A numerical algorithm is stable if small perturbations in inputs produce only small changes in outputs. Stability depends on both the problem (conditioning) and the algorithm (implementation). A well-conditioned problem solved with a stable algorithm yields accurate results; poor conditioning or instability can make even theoretically simple problems numerically unreliable.
From your study of catastrophic cancellation, you saw a concrete failure mode: subtracting two nearly-equal floating-point numbers can wipe out all significant digits, turning a tiny relative error into a massive one. Numerical stability is the broader framework that explains when and why such failures occur, and how to reason about algorithm quality systematically.

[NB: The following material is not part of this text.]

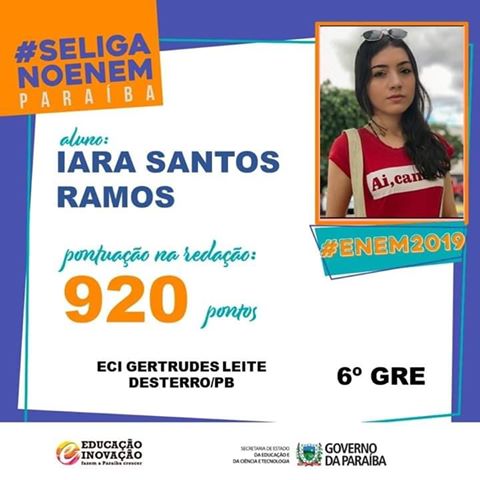 A jovem Iara Santos Ramos, de 17 anos, do município de Desterro, Região Metropolitana de Patos, obteve 920 pontos na redação do ENEM, cujo tema foi “Democratização do acesso ao cinema no Brasil”. O resultado foi divulgado nesta sexta-feira, 17.
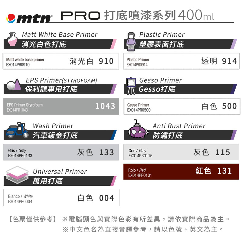 商品說明: 表面帶有光亮搪瓷質感的白色打底漆。 可作為打底漆或最終保護塗層。 任何表面上都有強大的附著力。 可噴塗於塑膠(PVC、壓克力)、金屬(鐵、鋅、銅)、玻璃、陶瓷、磁磚等材質。 耐熱100℃,室內外皆可使用。 完全乾燥後可搭配MTN彩色噴漆上色。 ※建議提前小範圍測試,確保材質與噴漆效果相容。 ※使用前請將電源關閉,並在通風處使用、戴上面罩防止吸入成分。 ※使用前請先搖均勻。請放置於陰涼處,避免靠近火源!! ※使用完後須將噴嘴擦拭乾淨,避免噴嘴口堵塞。

The central distinction is between conditioning and stability. Conditioning is a property of the mathematical *problem* — how much does the true answer change when the inputs change slightly? Stability is a property of the *algorithm* — does the sequence of floating-point operations amplify errors, or keep them bounded? A well-conditioned problem has answers that are insensitive to small input perturbations. A stable algorithm is one that doesn't introduce unnecessary amplification beyond what the problem itself requires. These are independent: an unstable algorithm can ruin a well-conditioned problem, and a stable algorithm cannot rescue an ill-conditioned one.
Consider evaluating the polynomial p(x) = (x − 2)² near x = 2. Expanded as x² − 4x + 4, the three-term version subtracts large numbers that nearly cancel, risking catastrophic cancellation — unstable for this input. The factored form (x − 2)² avoids this cancellation entirely — mathematically identical, but numerically stable. This is a clean example where algorithm choice, not the problem, determines accuracy. Both formulas compute the same function; only their numerical behavior differs.
A useful benchmark concept is backward stability: an algorithm is backward stable if it computes the exact answer to a slightly perturbed problem. This framing separates algorithm error from problem sensitivity. If the backward error is tiny (the perturbed input is close to the real input) and the problem is well-conditioned (small input changes produce small output changes), then the computed answer is close to the true answer. Most reliable numerical algorithms — Gaussian elimination with pivoting, QR decomposition, stable ODE solvers — are designed with backward stability in mind. When you encounter numerical results you distrust, the first diagnostic question is always: is this problem inherently ill-conditioned, or is the algorithm introducing avoidable error?